PURA should also seek advice from a broader set of consultants. They have relied on Levitan & Associates Inc. (LAI) since 2006, when prices first diverged from the costs on the ISO-NE. According to an older version of the resume of the firm’s president, the firm has also worked for both the whole-sale suppliers who currently profit from the system and one of Eversource’s subsidiaries.
LAI has consistently encouraged the regulatory agency to stay the course with full-requirements contracts whenever the shortcomings of the approach have been brought up. See for example, their defense of the approach in 2007. At the time, the firm pointed to the administrative costs incurred by having the utilities handle contract bundling themselves as prohibitive. These costs have since been estimated in a 2024 report on procurement alternatives, weighing in at far below five million dollars annually. Why were such relatively small expenses used as a justification for not exploring alternative procurement strategies in a six-billion dollar industry where even a one-percent change in the average price of electricity could have saved sixty-million dollars?

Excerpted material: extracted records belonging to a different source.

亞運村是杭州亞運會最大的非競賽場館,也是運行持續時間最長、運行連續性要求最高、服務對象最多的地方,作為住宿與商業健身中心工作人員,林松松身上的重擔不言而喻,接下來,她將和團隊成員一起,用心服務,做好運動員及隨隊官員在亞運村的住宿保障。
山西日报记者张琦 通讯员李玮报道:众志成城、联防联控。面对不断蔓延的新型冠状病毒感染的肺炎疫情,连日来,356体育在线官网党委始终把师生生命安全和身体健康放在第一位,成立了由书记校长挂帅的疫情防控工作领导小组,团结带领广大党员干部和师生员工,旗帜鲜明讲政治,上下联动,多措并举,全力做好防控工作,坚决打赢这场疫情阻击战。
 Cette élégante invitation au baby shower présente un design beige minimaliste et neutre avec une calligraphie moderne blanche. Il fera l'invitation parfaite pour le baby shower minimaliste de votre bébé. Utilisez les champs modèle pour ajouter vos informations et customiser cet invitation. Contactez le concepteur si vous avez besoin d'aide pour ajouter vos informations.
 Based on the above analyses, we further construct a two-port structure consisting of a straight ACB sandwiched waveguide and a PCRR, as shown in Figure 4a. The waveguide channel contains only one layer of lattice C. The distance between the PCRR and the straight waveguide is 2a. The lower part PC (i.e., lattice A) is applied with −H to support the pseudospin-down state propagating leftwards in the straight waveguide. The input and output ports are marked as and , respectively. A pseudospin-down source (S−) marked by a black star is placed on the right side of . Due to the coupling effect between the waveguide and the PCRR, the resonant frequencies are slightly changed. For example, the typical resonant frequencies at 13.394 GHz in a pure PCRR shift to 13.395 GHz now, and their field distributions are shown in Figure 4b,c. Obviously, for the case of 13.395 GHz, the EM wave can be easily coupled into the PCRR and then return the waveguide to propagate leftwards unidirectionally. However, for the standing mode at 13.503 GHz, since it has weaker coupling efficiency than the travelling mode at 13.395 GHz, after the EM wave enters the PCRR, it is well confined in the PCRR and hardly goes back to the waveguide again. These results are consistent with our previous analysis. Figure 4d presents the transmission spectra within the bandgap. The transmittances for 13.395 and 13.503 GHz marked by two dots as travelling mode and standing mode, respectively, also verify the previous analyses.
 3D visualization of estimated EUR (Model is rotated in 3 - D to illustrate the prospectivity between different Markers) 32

The mismanagement of the Millstone PPA, which has inflated system benefits charges, is a direct reflection of advice that LAI gave earlier, encouraging regulators to handle longer term contracts in a way that would not disturb the full-requirements system, essentially treating the PPA as a contract for differences, which is another energy hedging instrument. Implementing a contract for difference on a large generation asset without language specifying when that asset is allowed to generate is considered to be quite risky by industry experts, yet that is exactly what regulators have done.
Drawing a more diverse set of expert voices into the discussion of how procurement should be run in Connecticut might incur additional expense, but if it leads to better decisions being made the savings would more than justify the cost.

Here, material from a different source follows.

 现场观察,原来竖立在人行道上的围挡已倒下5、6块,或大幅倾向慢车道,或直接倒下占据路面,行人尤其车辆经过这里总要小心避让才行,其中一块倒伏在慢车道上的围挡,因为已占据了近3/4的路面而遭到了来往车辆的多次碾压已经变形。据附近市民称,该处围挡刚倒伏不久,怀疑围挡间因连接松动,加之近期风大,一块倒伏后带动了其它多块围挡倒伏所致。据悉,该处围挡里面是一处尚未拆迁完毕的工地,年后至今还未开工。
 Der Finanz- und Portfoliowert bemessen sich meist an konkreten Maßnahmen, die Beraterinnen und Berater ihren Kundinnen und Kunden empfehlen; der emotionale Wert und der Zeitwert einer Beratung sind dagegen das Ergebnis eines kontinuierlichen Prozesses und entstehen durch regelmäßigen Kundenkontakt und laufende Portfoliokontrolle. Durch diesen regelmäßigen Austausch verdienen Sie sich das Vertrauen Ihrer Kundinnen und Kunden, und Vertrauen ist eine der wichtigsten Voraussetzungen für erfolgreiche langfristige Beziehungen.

The negative economic effects of our current situation are hard to understate. On the one hand, every consumer in Connecticut has less money. On the other hand, everything is more expensive. Higher energy costs have a broad, suppressive effect on our economy. It is particularly bad for energy-intensive industries. If you wanted to open a small manufacturing company in the state to take advantage of the proximity to big name firms like Sikorsky, Pratt & Whitney, or Electric Boat, you are at an immediate disadvantage because the electric bills are so high. Connecticut is giving away the competitive advantage that its concentration of defense-industry manufacturing firms should be affording it. The current state of electricity in Connecticut is actively killing competition and innovation.

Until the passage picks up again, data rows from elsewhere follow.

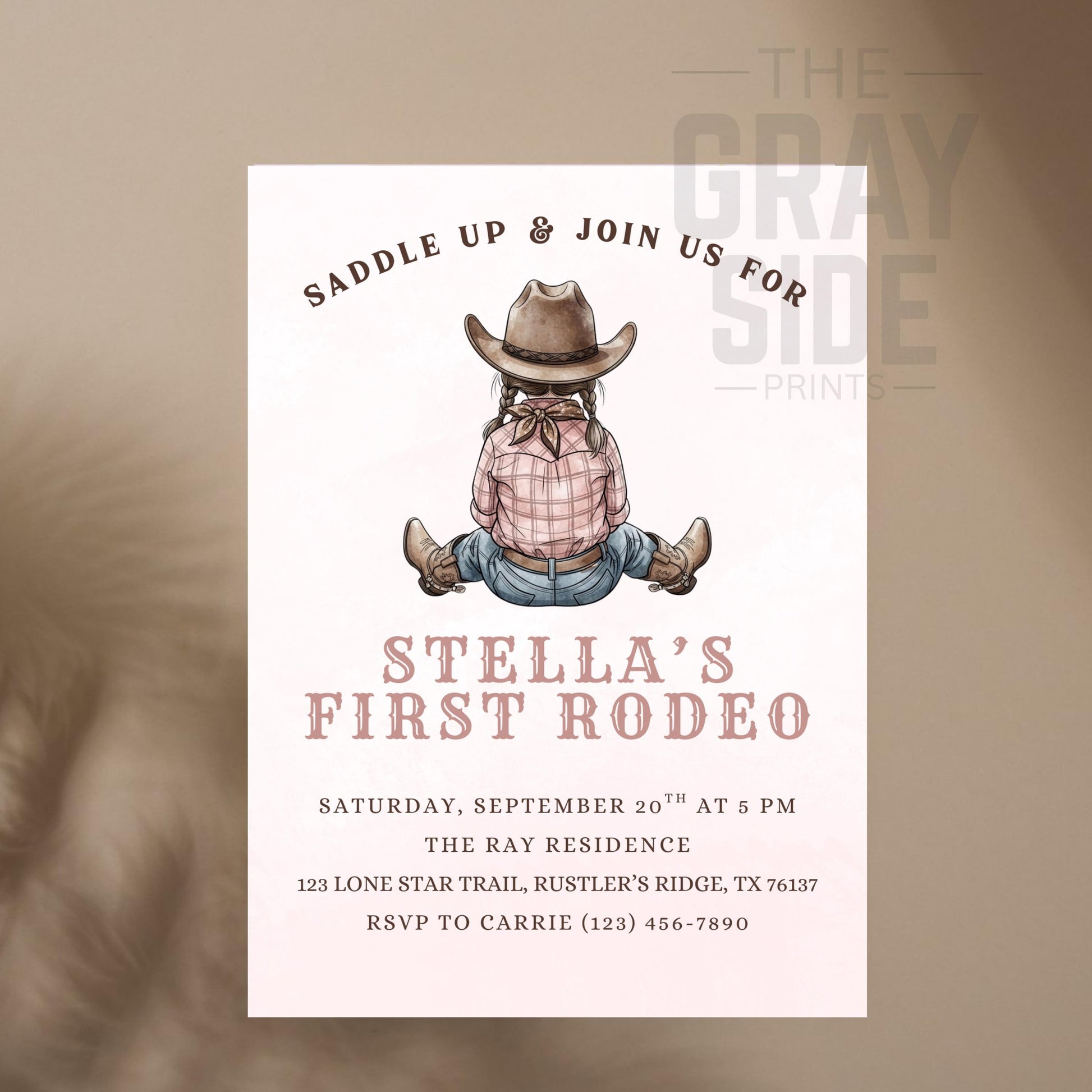 Saddle up for a rootin’ tootin’ celebration with this First Rodeo Birthday Invitation! 🤠 Featuring a sweet cowgirl in boots, hat, and braids, this rustic western invite is perfect for your little one’s first birthday party.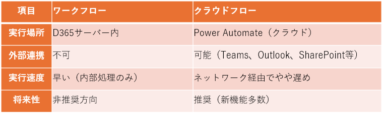 With Cloud Flow, you have to be aware of unnecessary external connections and API restrictions, but with Workflow, you can complete the process within D365.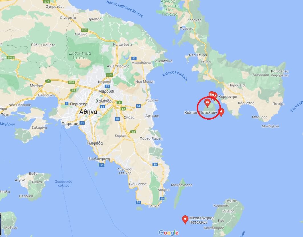 Μία νέα τουριστική επένδυση δρομολογεί η Grivalia Hospitality στη Μεγαλόνησο, το μεγαλύτερο νησί του συμπλέγματος των Πεταλιών (σε κόκκινο κύκλο στο χάρτη), το οποίο βρίσκεται στο νότιο Ευβοϊκό κόλπο και συνολικά περιλαμβάνει 10 ακατοίκητα νησιά.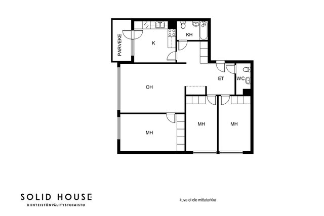 Asunnon pohjaratkaisu on toimiva ja soveltuu erinomaisesti perheelle. Kolme makuuhuonetta tarjoavat hyvin tilaa.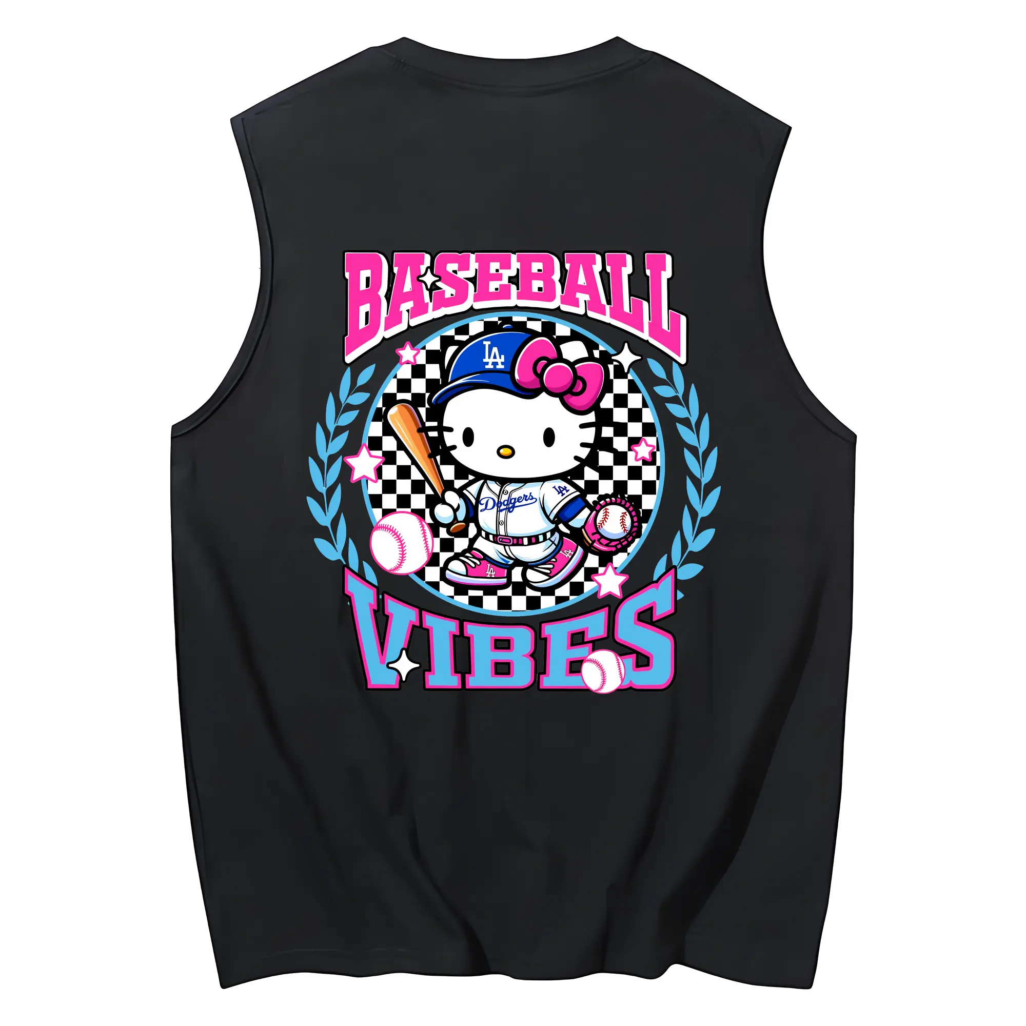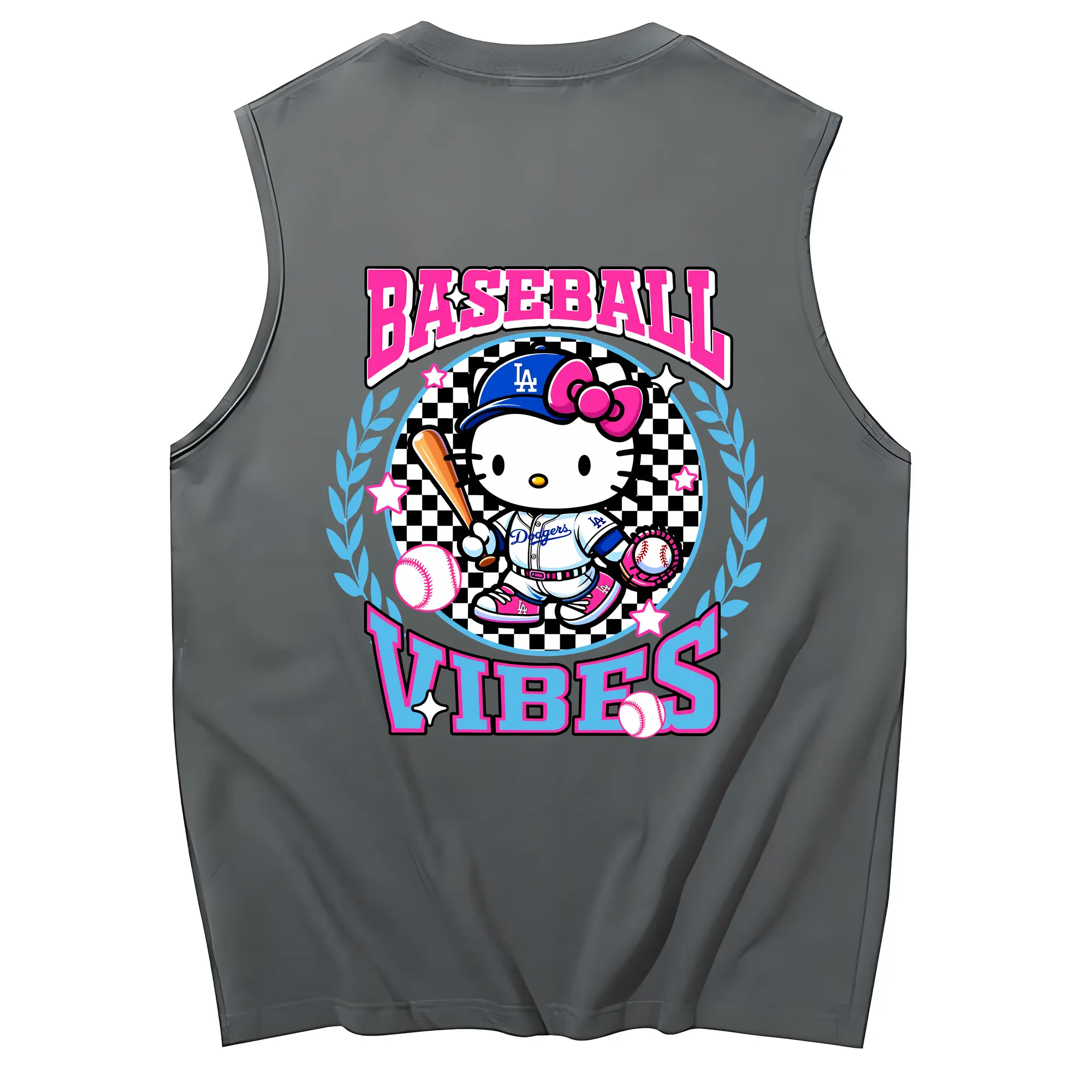 Baseball Vibes Hello Kitty Los Angeles Dodgers - 230g Pure Cotton Tank Top With Back Heat Transfer Print – Soft, Lightweight, Fitted Design – Stylish & Comfortable Casual Wear For Sports & Everyday Use

Given the dire economic consequences of inflated electricity costs, we should not accept PURA’s decision to forgo the oversight that it is legally obliged to complete. The use of full-requirements contracts should be seriously reconsidered every twelve months and quarterly reports should be produced to regularly monitor their performance. This isn’t my idea, it is what is called for in the law that was already passed. Contact your legislators and demand that they pressure PURA to complete these reports or write to PURA directly and ask them to complete the assessments.
You should also contact your representative objecting to the transfer of PURA out of the executive branch. Claire Coleman, the Consumer Counsel, recently pointed out that separating PURA from the executive branch would only further obscure the regulatory agency’s processes. The oversight failures I have identified here highlight why that would be such a problem. It is critical that PURA become more transparent, not less.